La regia di Capuano, coadiuvata dal contributo tecnico del direttore della fotografia Tommaso
Borgstrom riesce a rendere percettibile anche visivamente la distanza tra i due protagonisti: le prime
sequenze del film incentrate sulla giornata di Ciro in compagnia dei suoi complici, trascorsa al mare tra
tuffi, sole e canzoni neomelodiche, colpiscono per la fotografia dai colori sgargianti, irreali, acidi, una
realtà altra non solo per lo spettatore ma anche per gli stessi protagonisti che, dietro le sbarre del carcere
minorile di Nisida, scopriranno quanto fosse artificiale la loro vita precedente; i brani del film nei quali
compare Irene e la sua famiglia sono dominate, al contrario, dai toni scuri, dalla nitidezza dell’immagine
e da molti silenzi che amplificano la sensazione di solitudine della protagonista, il suo lavoro di scavo
interiore alla ricerca di un senso per l’esperienza tremenda che ha vissuto.
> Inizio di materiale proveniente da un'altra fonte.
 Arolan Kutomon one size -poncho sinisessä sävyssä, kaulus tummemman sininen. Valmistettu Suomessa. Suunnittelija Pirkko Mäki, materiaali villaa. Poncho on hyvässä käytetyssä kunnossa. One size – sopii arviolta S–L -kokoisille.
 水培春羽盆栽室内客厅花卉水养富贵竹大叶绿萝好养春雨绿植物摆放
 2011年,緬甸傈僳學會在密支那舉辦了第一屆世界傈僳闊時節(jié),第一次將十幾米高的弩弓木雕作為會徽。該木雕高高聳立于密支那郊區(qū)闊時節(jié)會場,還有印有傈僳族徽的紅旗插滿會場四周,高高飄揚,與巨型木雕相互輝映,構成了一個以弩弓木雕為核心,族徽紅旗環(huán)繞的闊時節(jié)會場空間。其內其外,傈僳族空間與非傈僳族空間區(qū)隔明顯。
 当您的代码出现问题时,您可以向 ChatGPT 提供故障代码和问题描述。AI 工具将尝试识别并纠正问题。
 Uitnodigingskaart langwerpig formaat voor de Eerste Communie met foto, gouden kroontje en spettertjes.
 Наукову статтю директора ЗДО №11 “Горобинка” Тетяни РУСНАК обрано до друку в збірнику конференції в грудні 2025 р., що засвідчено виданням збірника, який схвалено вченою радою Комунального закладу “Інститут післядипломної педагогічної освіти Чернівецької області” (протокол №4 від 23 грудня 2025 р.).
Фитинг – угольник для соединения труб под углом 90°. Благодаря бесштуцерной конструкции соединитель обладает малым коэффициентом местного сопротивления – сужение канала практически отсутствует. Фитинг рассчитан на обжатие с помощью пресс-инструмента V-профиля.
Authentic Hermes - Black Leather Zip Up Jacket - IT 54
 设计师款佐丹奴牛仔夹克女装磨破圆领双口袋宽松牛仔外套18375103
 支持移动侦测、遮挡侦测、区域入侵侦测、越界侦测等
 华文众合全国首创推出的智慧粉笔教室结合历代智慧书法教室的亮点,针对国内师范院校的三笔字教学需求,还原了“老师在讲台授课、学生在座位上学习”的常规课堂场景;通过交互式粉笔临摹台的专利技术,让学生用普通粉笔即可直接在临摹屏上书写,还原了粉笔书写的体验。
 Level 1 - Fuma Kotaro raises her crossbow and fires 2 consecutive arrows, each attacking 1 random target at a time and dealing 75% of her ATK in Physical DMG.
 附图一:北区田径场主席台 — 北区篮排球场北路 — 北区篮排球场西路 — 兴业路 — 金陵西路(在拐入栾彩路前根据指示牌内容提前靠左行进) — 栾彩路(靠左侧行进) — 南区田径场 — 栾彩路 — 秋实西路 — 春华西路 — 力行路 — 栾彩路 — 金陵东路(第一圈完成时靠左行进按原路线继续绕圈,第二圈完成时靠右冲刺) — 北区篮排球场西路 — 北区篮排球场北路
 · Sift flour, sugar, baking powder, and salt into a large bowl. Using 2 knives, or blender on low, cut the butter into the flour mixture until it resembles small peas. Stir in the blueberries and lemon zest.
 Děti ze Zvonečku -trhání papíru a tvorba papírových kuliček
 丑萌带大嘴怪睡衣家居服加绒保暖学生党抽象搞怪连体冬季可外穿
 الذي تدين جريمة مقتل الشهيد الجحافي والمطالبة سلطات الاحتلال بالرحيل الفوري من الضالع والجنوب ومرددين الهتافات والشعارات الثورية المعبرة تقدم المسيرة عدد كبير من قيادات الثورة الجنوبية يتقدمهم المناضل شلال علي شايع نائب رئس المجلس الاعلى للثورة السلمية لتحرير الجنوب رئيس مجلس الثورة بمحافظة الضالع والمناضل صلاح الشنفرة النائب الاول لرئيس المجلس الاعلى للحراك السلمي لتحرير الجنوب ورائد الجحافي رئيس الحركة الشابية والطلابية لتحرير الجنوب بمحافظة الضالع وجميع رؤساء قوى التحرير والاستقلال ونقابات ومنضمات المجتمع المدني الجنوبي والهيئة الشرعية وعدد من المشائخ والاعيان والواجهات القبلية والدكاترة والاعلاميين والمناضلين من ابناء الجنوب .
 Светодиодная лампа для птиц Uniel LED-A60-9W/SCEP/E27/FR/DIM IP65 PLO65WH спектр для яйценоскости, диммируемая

Come sempre nei film dell’autore partenopeo sono da rimarcare le interpretazioni dei giovani attori,
quelle dei due protagonisti su tutte: fatta di energia trattenuta, di sguardi intensi e dritti verso l’obiettivo
(e l’interlocutore) quella di Gabriele Agrio nel ruolo di Ciro, decisamente languida ma non per questo
meno intensa la performance di Irene De Angelis in quello di Irene. Entrambi alla loro prima esperienza di
cinema, sono solo gli ultimi di una lunga schiera di attori non professionisti che Capuano inserisce nelle
sue pellicole
Il ruolo del minore e la sua rappresentazione
Entre les murs
L’amore buio è uno dei rari film italiani (ma anche stranieri) sulla carcerazione minorile, un universo
raramente considerato non solo cinematograficamente ma anche nella realtà, specie in Italia dove la
detenzione è spesso considerata come il rimedio a problemi sociali che invece richiederebbero altre
soluzioni guidate da criteri di prevenzione e ispirati a un’idea di recupero più che di semplice restrizione o
contenimento del condannato. È un tema, quello del riscatto e del reinserimento sociale, che il film porta
in primo piano nel corso della parte ambientata dietro le sbarre dove assistiamo a un calco
sostanzialmente fedele di come scorre la vita nel carcere minorile di Nisida (una realtà per molti versi
all’avanguardia non solo in Italia ma anche in Europa), nonché in una frase del rap composto da Ciro per
una delle molte attività svolte grazie agli operatori nella quale il ragazzo si domanda perché tutte le
possibilità che gli sono state date in carcere non ha potuto averle quando era libero. Un concetto ribadito
dal padre del ragazzo nel corso di una visita in carcere quando, ricordando al figlio gli obblighi verso la
cosca camorrista ai quali dovrà ottemperare una volta fuori, afferma che “il vero carcere è fuori”.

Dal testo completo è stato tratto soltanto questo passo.